BEGIN Input data
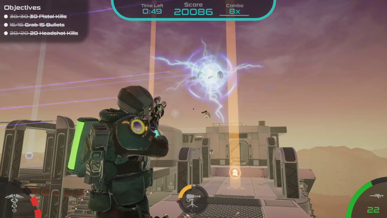Ключевая механика CHRONOSHOT заключается в том, что течение времени зависит от активности геймера, давая паузы для оценки обстановки и планирования тактики. Контроль над временем затрагивает и взаимодействие с окружением: можно ловить вражеские снаряды прямо в полете, превращая их в пополнение боезапаса. Эта система позволяет анализировать развитие боя в реальном времени. Данный шутер мотивирует повышать свою эффективность, что напрямую связано с возможностью заработать больше очков.
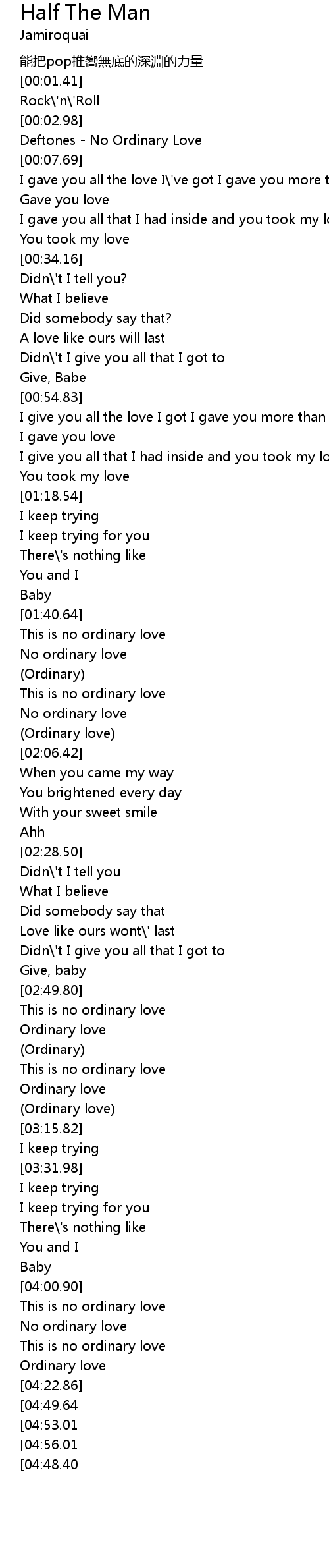 | [04:06.50] | No ordinary love |
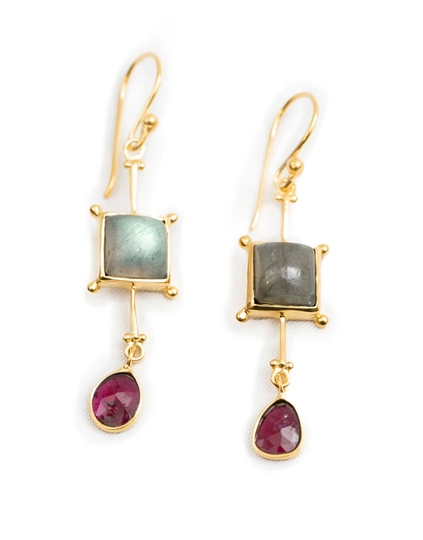 Playful earrings featuring watermelon tourmaline and labradorite stones that celebrate nature's beautiful imperfections. Each pair is one-of-a-kind, with unique variations in stone size and color that make them truly special. Perfect for adding a pop of personality to any look.
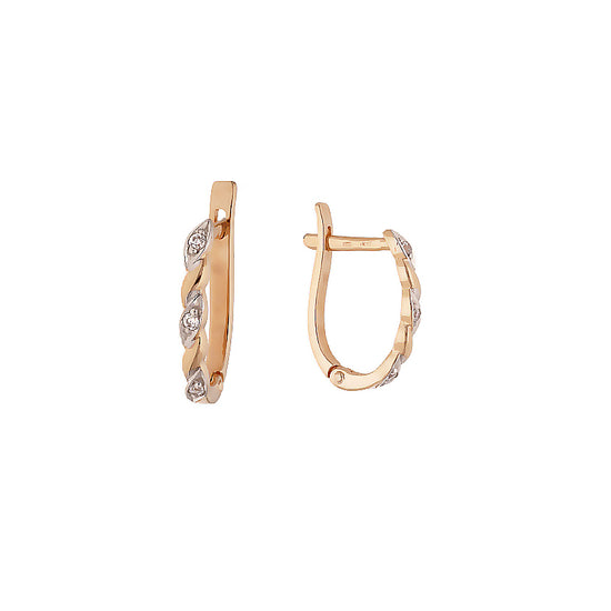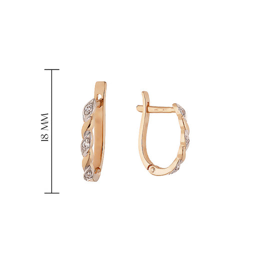 Raudono aukso auskarai su žėrinčiomis akutėmis spindi šiltu ir prabangiu žavesiu. Klasikinis dizainas ir kruopščiai inkrustuoti akmenėliai suteikia elegancijos bei išskirtinumo.
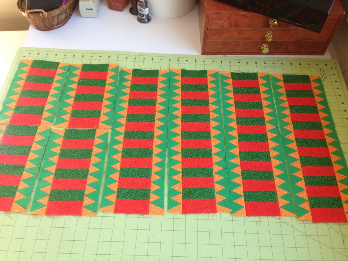 Started part 2 of this last night. Used the 1 3/4 measure to cut my strips as suggested. Gave me enough wiggle room to not struggle when I piecing. Here's how I cut them. Used the template glued to plastic. Marked with a frixon pen then used the ruler and rotary cutter to cut. Each strip gives me 32 pieces and a one big enough for the 1/2 at the end. The frixon pen will disappear when pressed with a hot iron. Generally this is in the seam allowance anyway so it's not a big deal.
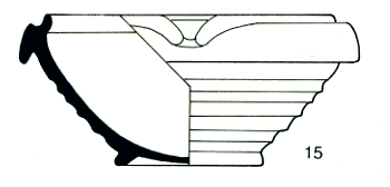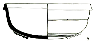 Bol aux parois divergentes rectilignes en bas, puis divergentes rectilignes ; rebord en méplat débordant, lèvre convexe ; base étirée, assise plane ; céramique tournée, pâte de couleur noire, orangée en surface ; inclusions très grossieres: quartz irrégulier en proportion moyenne, mica ; surface lissée. Un sillon souligne la carène.
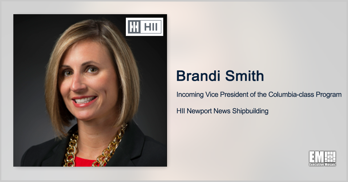 Brandi Smith, a two-decade shipbuilding industry veteran, has been promoted to vice president of the Columbia-class program at HII’s (NYSE: HII) Newport News Shipbuilding division. Smith, who serves as construction program director for the Columbia-class submarine, will assume her new position on June 1 and succeed Charles Southall, who will retir...
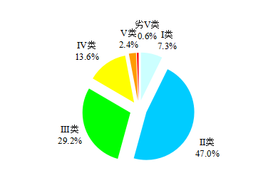 1940個(gè)國家地表水考核斷面中,水質(zhì)優(yōu)良(Ⅰ~Ⅲ類)斷面比例為83.4%,同比上升8.5個(gè)百分點(diǎn);劣Ⅴ類為0.6%,同比下降2.8個(gè)百分點(diǎn)。主要污染指標(biāo)為化學(xué)需氧量、總磷和高錳酸鹽指數(shù)。
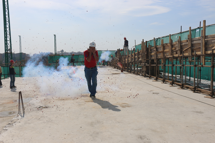 封頂儀式上云南體育運(yùn)動(dòng)職業(yè)技術(shù)學(xué)院院長(zhǎng)李錫云及書(shū)記陳麟在結(jié)構(gòu)屋面層點(diǎn)燃了鞭炮以祝賀綜合訓(xùn)練館1軸-10軸/L軸屋面斜梁完成了最后一方混凝土的澆筑,這也預(yù)示著項(xiàng)目正式轉(zhuǎn)入二次結(jié)構(gòu)及裝飾裝修施工階段。
END Input data
What the exercise asks
Your output should be exactly the lines of the records above from the one with "Brandi Smith, a" through the last, both ends included, with pictures excluded.

Answer section
 Brandi Smith, a two-decade shipbuilding industry veteran, has been promoted to vice president of the Columbia-class program at HII’s (NYSE: HII) Newport News Shipbuilding division. Smith, who serves as construction program director for the Columbia-class submarine, will assume her new position on June 1 and succeed Charles Southall, who will retir...
 1940個(gè)國家地表水考核斷面中,水質(zhì)優(yōu)良(Ⅰ~Ⅲ類)斷面比例為83.4%,同比上升8.5個(gè)百分點(diǎn);劣Ⅴ類為0.6%,同比下降2.8個(gè)百分點(diǎn)。主要污染指標(biāo)為化學(xué)需氧量、總磷和高錳酸鹽指數(shù)。
 封頂儀式上云南體育運(yùn)動(dòng)職業(yè)技術(shù)學(xué)院院長(zhǎng)李錫云及書(shū)記陳麟在結(jié)構(gòu)屋面層點(diǎn)燃了鞭炮以祝賀綜合訓(xùn)練館1軸-10軸/L軸屋面斜梁完成了最后一方混凝土的澆筑,這也預(yù)示著項(xiàng)目正式轉(zhuǎn)入二次結(jié)構(gòu)及裝飾裝修施工階段。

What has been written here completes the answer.